Quem é o gato? - Fernando Sabino

Quem é o gato? Fernando Sabino



- Aí então, eu sonhei que tinha acordado. Mas continuei dormindo.

- Continuou dormindo.

- Continuei dormindo e sonhando. Sonhei que estava acordado na cama, e ao lado, sentado na cadeira, tinha um gato me olhando.

- Que espécie de gato?

- Não sei. Um gato. Não entendo de gatos. Acho que era um gato preto. Só sei que me olhava com aqueles olhos parados de gato.

- A que você associa essa imagem?

- Não era uma imagem: era um gato.

- Estou dizendo a imagem do seu sonho: essa criação onírica simboliza uma profunda vivência interior. É uma projeção do seu subconsciente. A que você associa ela?

- Associo a um gato.

- Eu sei: aparentemente se trata de um gato. Mas na realidade o gato, no caso, é a representação de alguém. Alguém que lhe inspira um temor reverencial. Alguém que a seu ver está buscando desvendar o seu mais íntimo segredo. Quem pode ser essa alguém, me diga? Você deitado aí nesse divã como na cama em seu sonho, eu aqui nesta poltrona, o gato na cadeira… Evidentemente esse gato sou eu.

- Essa não, doutor. A ser alguém, neste caso o gato sou eu.

- Você está enganado. E o mais curioso é que, ao mesmo tempo, está certo, certíssimo, no sentido em que tudo o que se sonha não passa de uma projeção do eu.

- Uma projeção do senhor?

- Não: uma projeção do eu. O eu, no caso, é você.

- Eu sou o senhor? Qual é, doutor? Está querendo me confundir a cabeça ainda mais? Eu sou eu, o senhor é o senhor, e estamos conversados.

- Eu sei: eu sou eu, você é você. Nem eu iria pôr em dúvida uma coisa dessas, mais do que evidente. Não é isso que eu estou dizendo.
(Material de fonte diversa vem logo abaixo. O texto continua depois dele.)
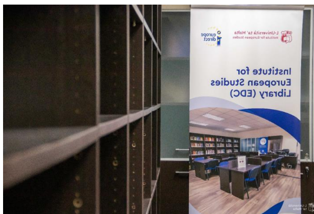
The Institute Library banner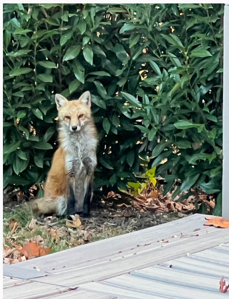
Red Fox Fall 2023 FN Brown Section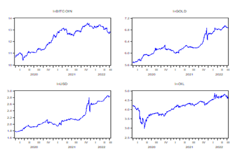
Fig. 1: Time Series of Variables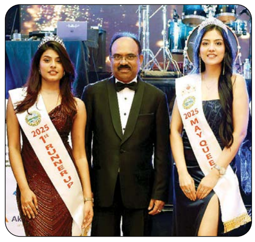
25TH ANNUAL MAY QUEEN BALL IN QATAR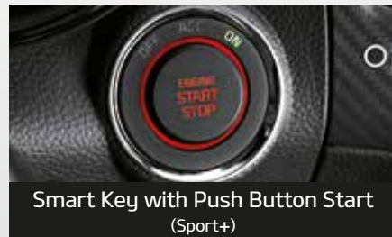
Smart Key with Push Button Start (Sport+)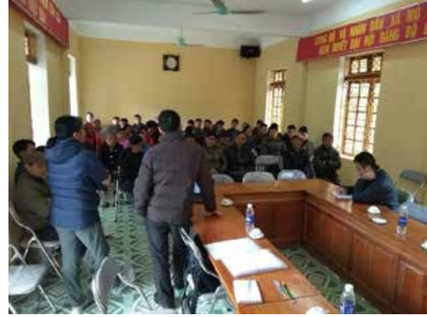
Public consultation in Mo Vang Commune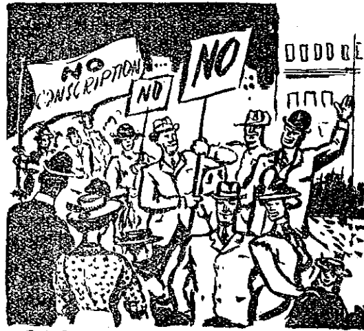
1916-17. NO CONSCRIPTION.

Quando falo no eu, não estou falando em mim, por favor, entenda.

- Em quem o senhor está falando?

- Estou falando na individualidade do ser, que se projeta em símbolos oníricos. Dos quais o gato do seu sonho é um perfeito exemplo. E o papel que você atribui ao gato, de fiscalizá-lo o tempo todo, sem tirar os olhos de você, é o mesmo que atribui a mim. Por isso é que eu digo que o gato sou eu.

- Absolutamente. O senhor vai me desculpar, doutor, mas o gato sou eu, e disto não abro mão.

- Vamos analisar essa sua resistência em admitir que eu seja o gato.

- Então vamos começar pela sua insistência em querer ser o gato. Afinal de contas, de quem é o sonho: meu ou seu?

- Seu. Quanto a isto, não há a menor dúvida.

- Pois então? Sendo assim, não há também a menor dúvida de que o gato sou eu, não é mesmo?

- Aí é que você se engana. O gato é você, na sua opinião. E sua opinião é suspeita, porque formulada pelo consciente. Ao passo que, no subconsciente, o gato é uma representação do que significo para você. Portanto, insisto em dizer: o gato sou eu.

- E eu insisto em dizer: não é.

- Sou.

- Não é. O senhor por favor saia do meu gato, que senão eu não volto mais aqui.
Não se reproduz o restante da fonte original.